Blackboard is a level 1 service provider, a hosting provider, a level 3 
merchants and a PA-DSS application developer.  I am actually in the middle of 
my on-site audit for the service and hosting provider portions.  It is far more 
in-depth and picky then it has been in the past.  Considerably more 
documentation, testing and narratives have been involved as well as several 
discussions on increase in scope (which I am arguing... the first rule of PCI 
is segment to limit the scope and expanding it outside turns the whole thing on 
its head).  So regardless of your level of PCI touch points, the council is 
really cracking down.  The Heartland breach scared the hell out of everyone.

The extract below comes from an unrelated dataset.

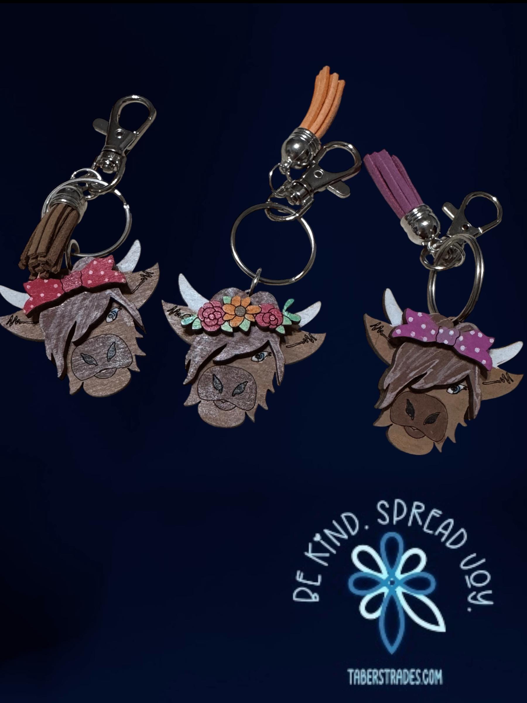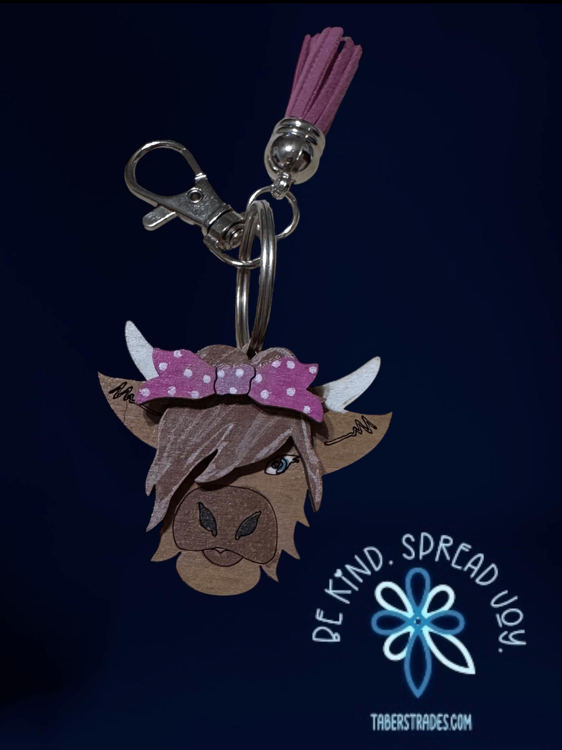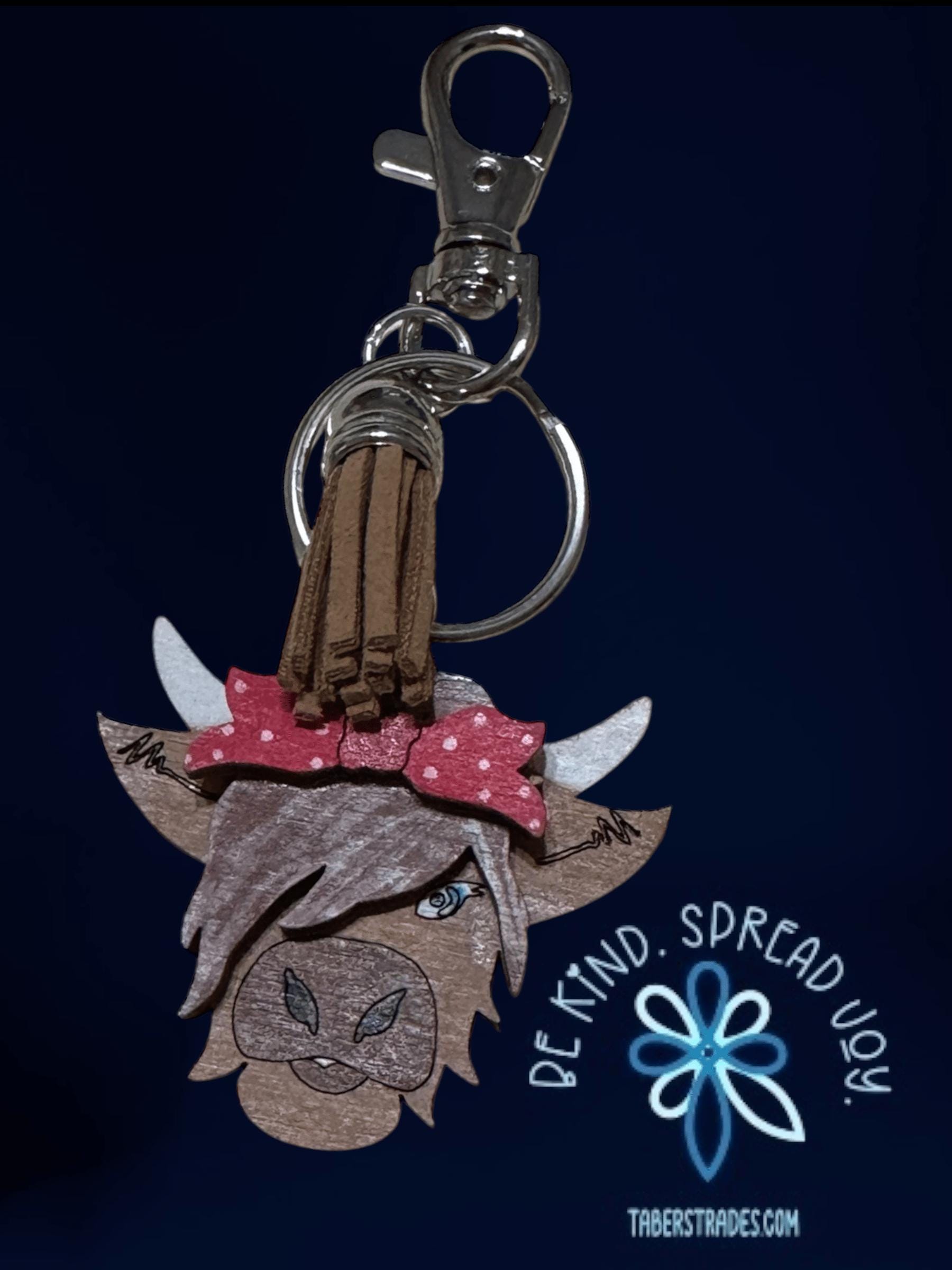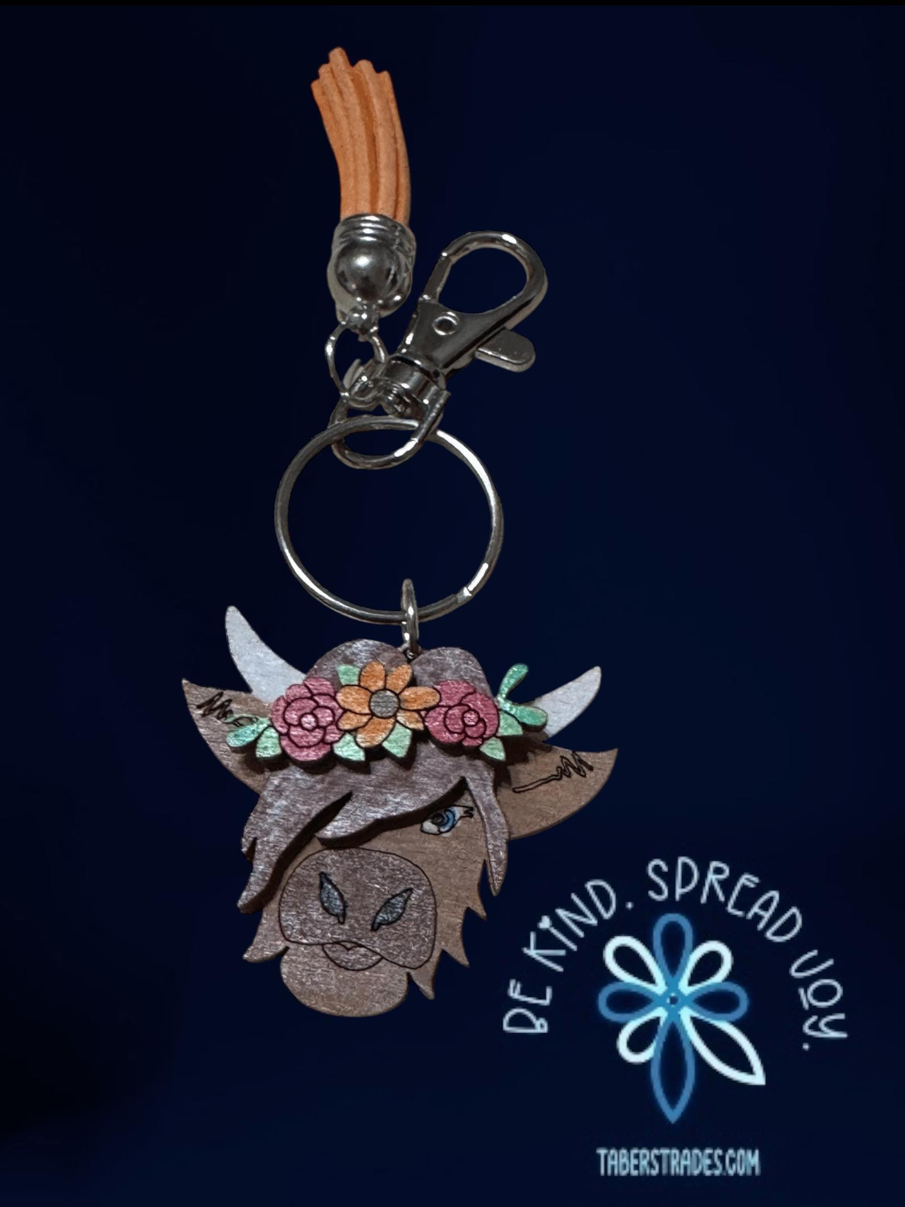 Carry a touch of rustic charm wherever you go with this Highland Cow Keychain. Crafted with attention to detail, it serves as a sturdy and stylish way to keep your keys organized. Its unique design makes it easy to find and a delightful conversation starter, perfect for showing your love for these iconic Scottish animals.

At the merchant level obviously the direct oversight is less.  The risk falls 
to your acquiring banks and processors.  If you do not complete the SAQ or if 
after a breach you are found to be non compliant you may lose your merchant 
status and your acquiring banks and processors could face significant 
consequences.

Fudging the SAQ is not a good idea.  It's very much like software piracy; you 
may get away with it for a long time or maybe forever but the consequences are 
severe if you get caught.

And just as an aside the automatic jump after a problem to level 1 requiring an 
onsite assessment is a nightmare.  We're required by virtue of our service 
provider status (we operate our own payment switch for our transaction/commerce 
LOB clients) but it is incredibly painful and as of this year competing with 
SOX for things that gray my hair, increase my blood pressure and make me a fan 
of scotch.

-rd

-----Original Message-----
From: [email protected] [mailto:[email protected]] On Behalf Of Brad 
Knowles
Sent: Wednesday, June 03, 2009 11:44 PM
To: Tracy Reed
Cc: [email protected]
Subject: Re: [lopsa-tech] PCI-DSS: Is this for real?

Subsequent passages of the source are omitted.